En avril 2026, le bureau sud-africain de Business France compte ainsi organiser une série de rendez-vous B2B entre des acteurs français et les grandes chaînes hôtelières sud-africaines en marge du salon World Travel Market Africa à Cape Town. « Cette mission à forte composante Tourisme est une façon de mettre le pied à l’étrier des entreprises sur le marché sud-africain : via le segment hôtelier ou via les instituts, il est possible de se faire connaître et référencer durablement sur ce grand marché », signale Clarisse Henrion.

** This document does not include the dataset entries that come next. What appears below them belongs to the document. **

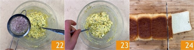 Fügen Sie schließlich die gut abgetropfte gehackte Schalotte hinzu 22 und mischen Sie erneut, um alles zu integrieren 23. Sie sind bereit, Ihr Sandwich zusammenzustellen: Schneiden Sie 8 Scheiben Sandwichbrot 24 und entfernen Sie die Kruste.
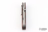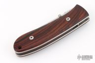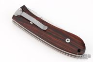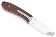 This DK-FHL linerlock folder by Dozier Knives has a satin finished D2 stainless steel drop point D2 blade with notched thumbrest and single thumb stud. The handle has desert ironwood scales, titanium liners and a desert ironwood backspacer. Tip down titanium pocket clip.  Excellent condition.
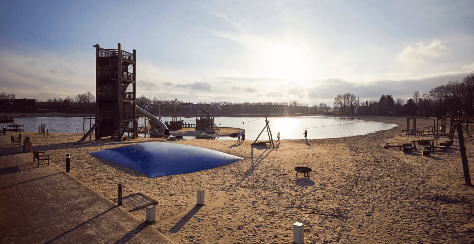 Hof van Saksen in Nooitgedacht is een luxe vijfsterren resort in Drenthe met een centraal gelegen recreatiemeer. Dit natuurlijke zwemmeer heeft meerdere zandstrandjes waar je gratis gebruik kunt maken van ligbedden. Het meer is maximaal 2,5 meter diep, met een afgebakende zone bij de drijflijn van slechts 75 centimeter diep – ideaal voor jonge kinderen. Bij het meer vind je een uitgebreide waterspeeltuin en strandspeeltuin met een klimtoren en klimwand. Uniek is het pontje waarmee je over het water kunt varen, en op een speciale plek mag je zelfs vissen.
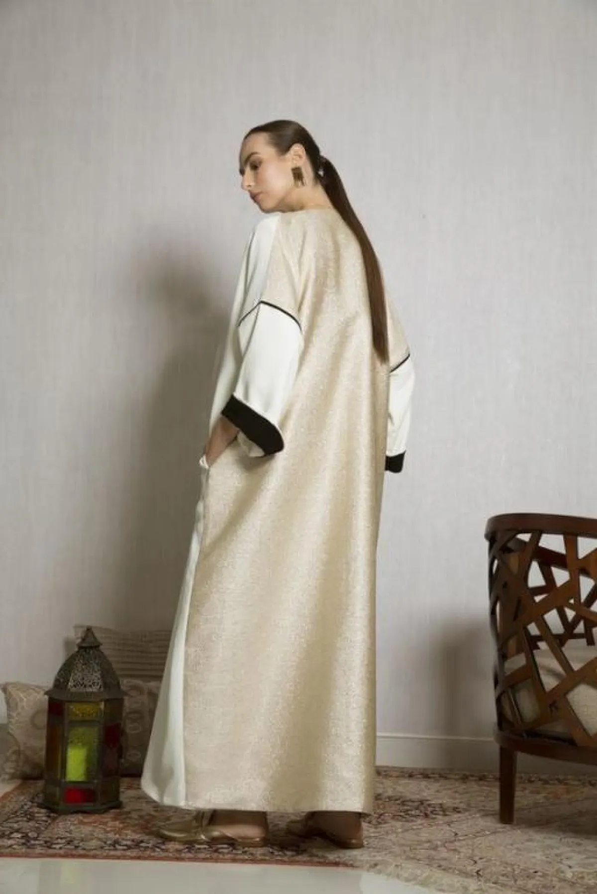 عبايه ميتالك نود كريمي مفتوحة لاطلالة النهار

Une visite du salon, des rendez-vous d’affaires et des événements de networking au consulat seront ainsi programmés pendant la mission (du 13 au 17 avril 2026).

 Un bon timing de prospection

« L’Afrique du Sud constitue une destination en croissance pour la délégation française car sa population s’intéresse aux tendances qui font le cœur de métier des cosmétiques françaises : durabilité, technicité, innovation… À l’inverse, des tendances concurrentes comme la Korean Beauty n’ont pas du tout imprimé dans le pays », explique Laurie Cohen. Un phénomène qui renforce l’idée que le marché reste ouvert sur le segment premium, d’autant plus avec un possible repli américain, si les 35 % de tarifs douaniers imposés par l’Administration Trump se poursuivaient.

Le défi pour les entreprises françaises restera alors celui de l’adaptation et de la localisation de leurs produits, avec un seul mot d’ordre : « Voyagez léger ! Seuls les échantillons ciblés sur la population locale pourront intéresser vos interlocuteurs »… Rendez-vous le 13 avril à Cape Town !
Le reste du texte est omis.